Cells were seeded in 6-well plates (200,000 cells per well). After 48 h of ECD knockdown, actinomycin D (5 μg/ml) (Sigma, St. Louis, MO) was added at zero time point. Total RNA was isolated at indicated time points (0, 2, 4, 6, 8, and 12 h) after actinomycin D treatment with TRIzol per the manufacturer’s protocol. First-strand cDNA was synthesized using SuperScript III reverse transcriptase, followed by qRT-PCR with ErbB2, ECD, and GAPDH primers, as described above.

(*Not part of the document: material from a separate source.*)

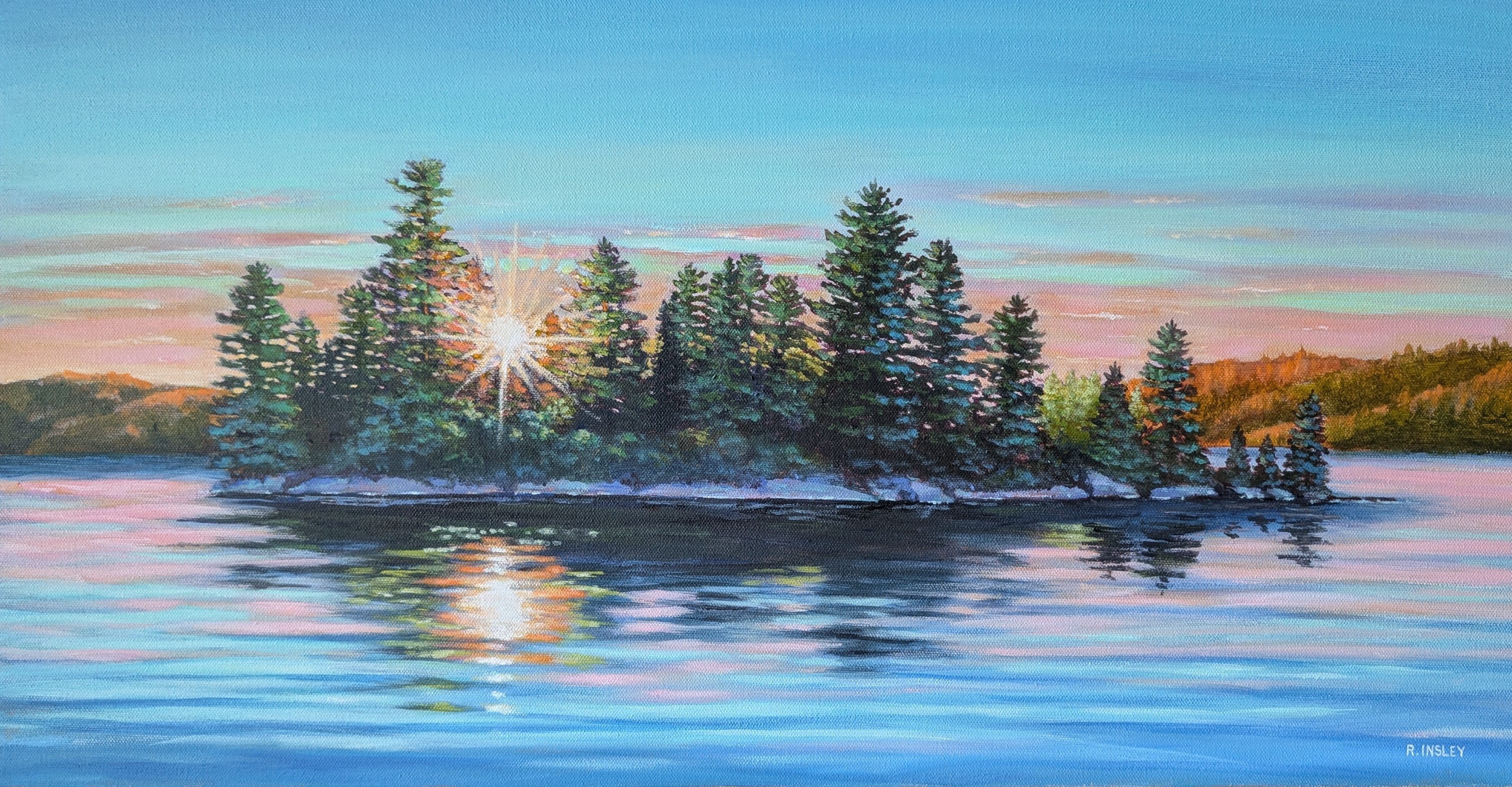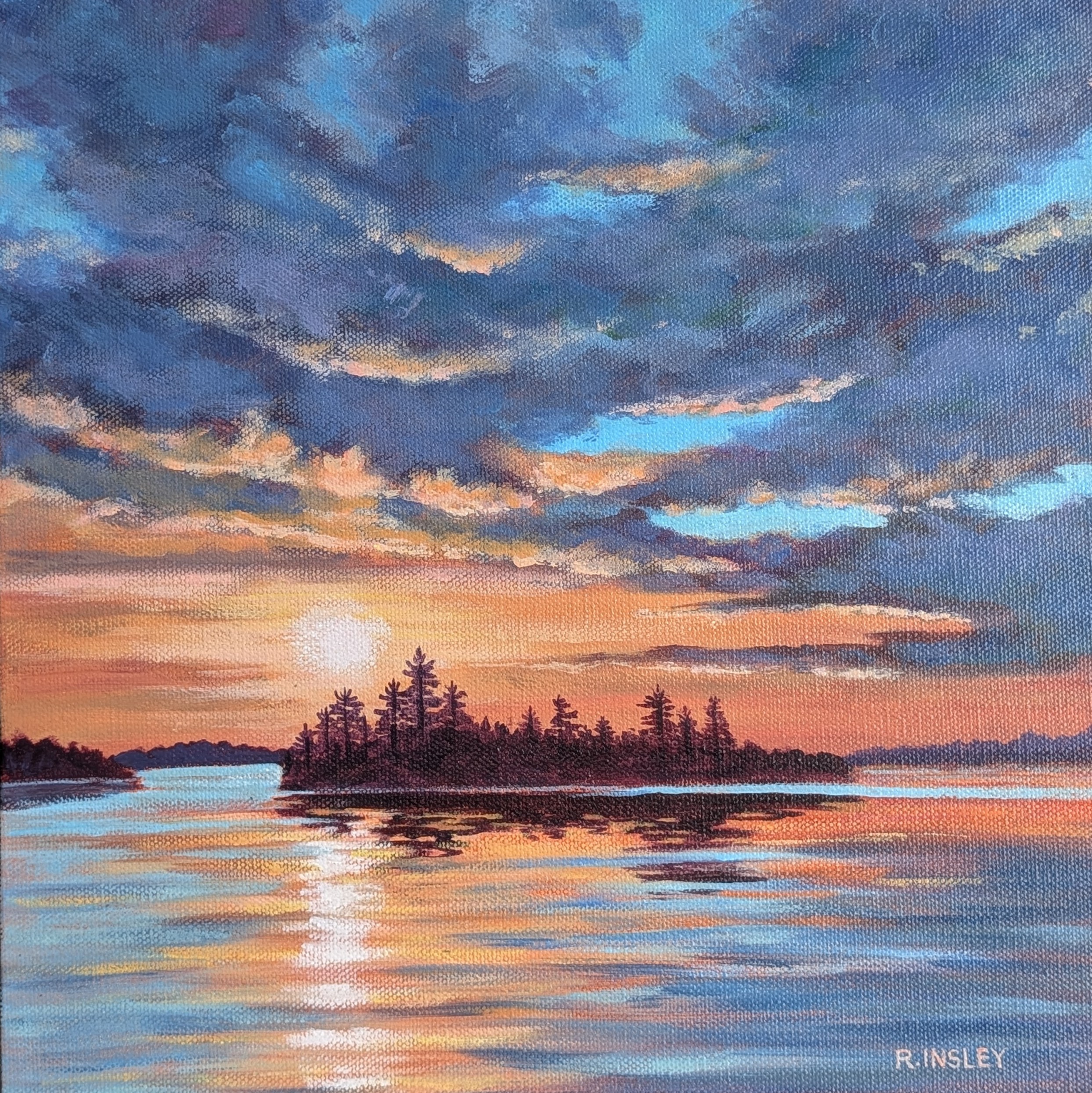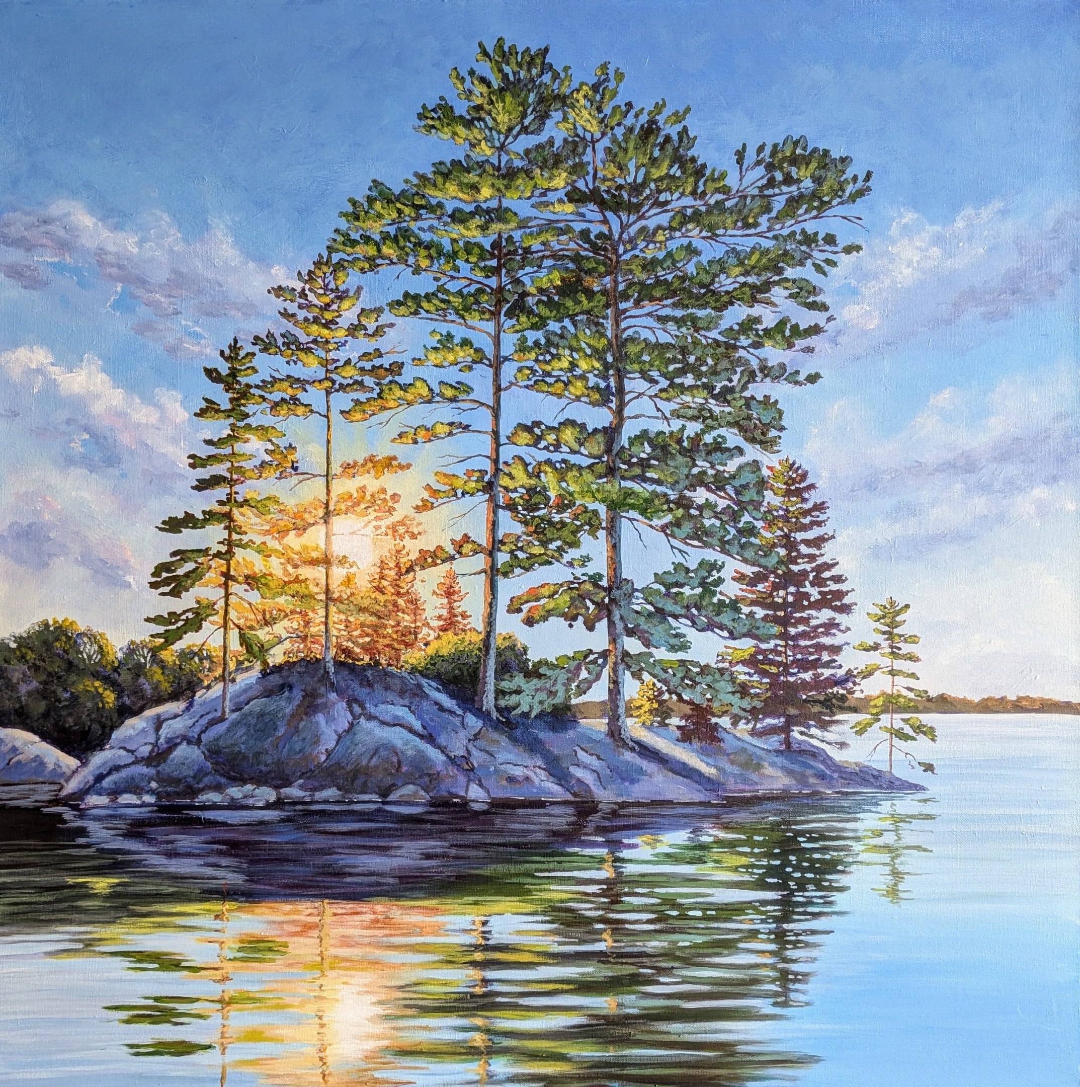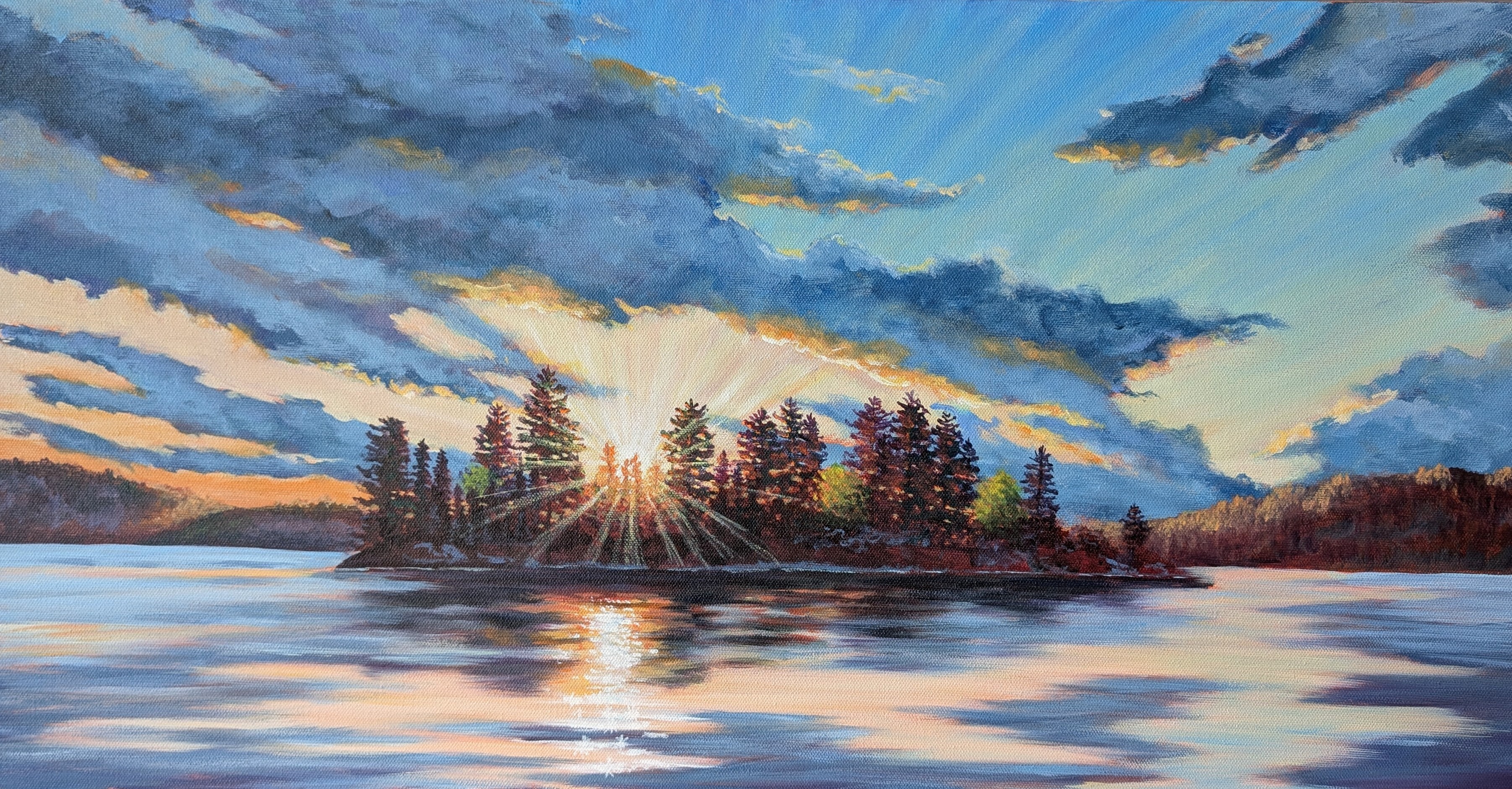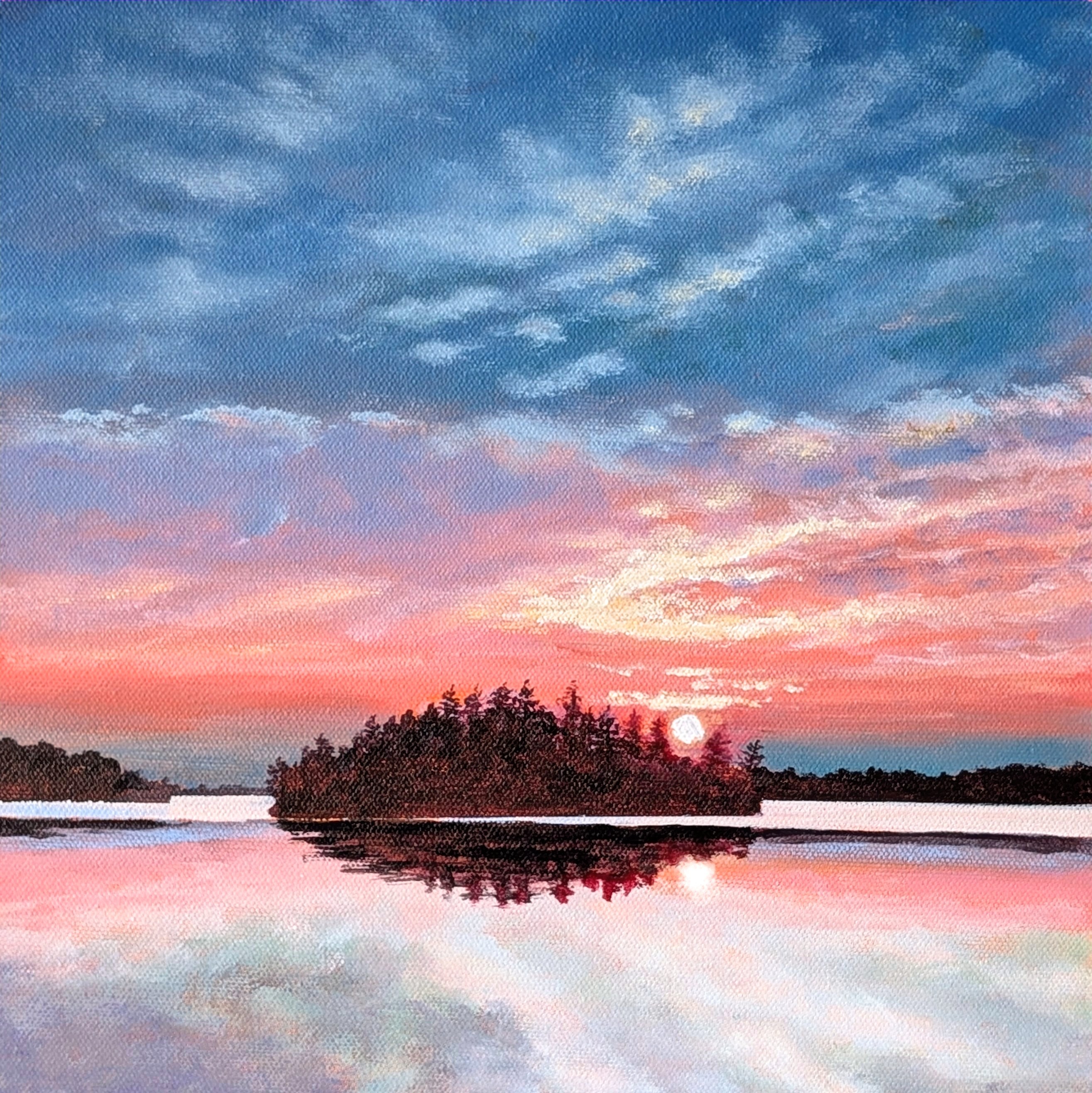 Another late day painting. I love how the light just caresses the treetops, but sets the far shore ablaze! And the deep shadows are so dramatic.!

TCGA and METABRIC database analysis.

The ECD mRNA expression analysis in breast cancer tissues was performed using the publicly available fragments per kilobase of transcript per million mapped reads upper quartile (FPKM-UQ) data from The Cancer Genome Atlas (TCGA), downloaded from the Genomic Data Commons (GDC). For the analysis of ECD mRNA expression, the BC TCGA data set comprised 1,089 cases, which were further stratified as 676 cases of ER+/PR+, 164 cases of HER2+, and 112 adjacent normal breast tissue samples based on clinical data. ECD expression in box plots represents the log base 2 (log2) values compared to that for adjacent normal tissue, and the significance was calculated using a t test. The survival data by multivariate Cox regression analysis of the 854-case TCGA cohort were analyzed as described previously (91). The number of cases analyzed per subgroup is indicated in the Kaplan-Meier plots. Dichotomization of ECD expression was performed using the X-tile software to compare the outcomes (92). For the TCGA data set, 834.2 was used as a cutoff point for high and low ECD mRNA expression. The ECD mRNA expression was also assessed utilizing the Molecular Taxonomy of Breast Cancer International Consortium (METABRIC) cohort (n = 1,980) with the clinical-pathological parameters and outcome data available (93). The high and low ECD expression was assigned a cutoff of 7.24 using the X-tile software.

Statistical analysis.

Each assay in our study was repeated at least three independent times. Comparisons between two groups were made using t tests for continuous outcomes. Comparisons among at least three treatment groups were made using one-way analysis of variance (ANOVA) for continuous outcomes. If the overall tests yielded significant results, post hoc tests with Tukey’s method for multiple comparisons were conducted. Log10 transformations were applied to continuous outcomes to meet ANOVA or t test assumptions as necessary. P values of ≤0.05 were considered statistically significant. Data analysis was performed using SAS version 9.4 (SAS Institute, Cary, NC, USA) and GraphPad Prism. SPSS 24.0 statistical software (SPSS Inc., Chicago, IL, USA) was used for statistical analysis of ECD mRNA expression. Survival curves were analyzed using the Kaplan-Meier analysis with the log rank test. Cox’s proportional hazard method was performed for multivariate analysis to identify the independent prognostic value of ECD expression. Spearman correlation coefficients were calculated to analyze the association between continuous variables. The chi-square test was carried out for interrelationships between categorical variables. A P value of <0.05 was considered statistically significant.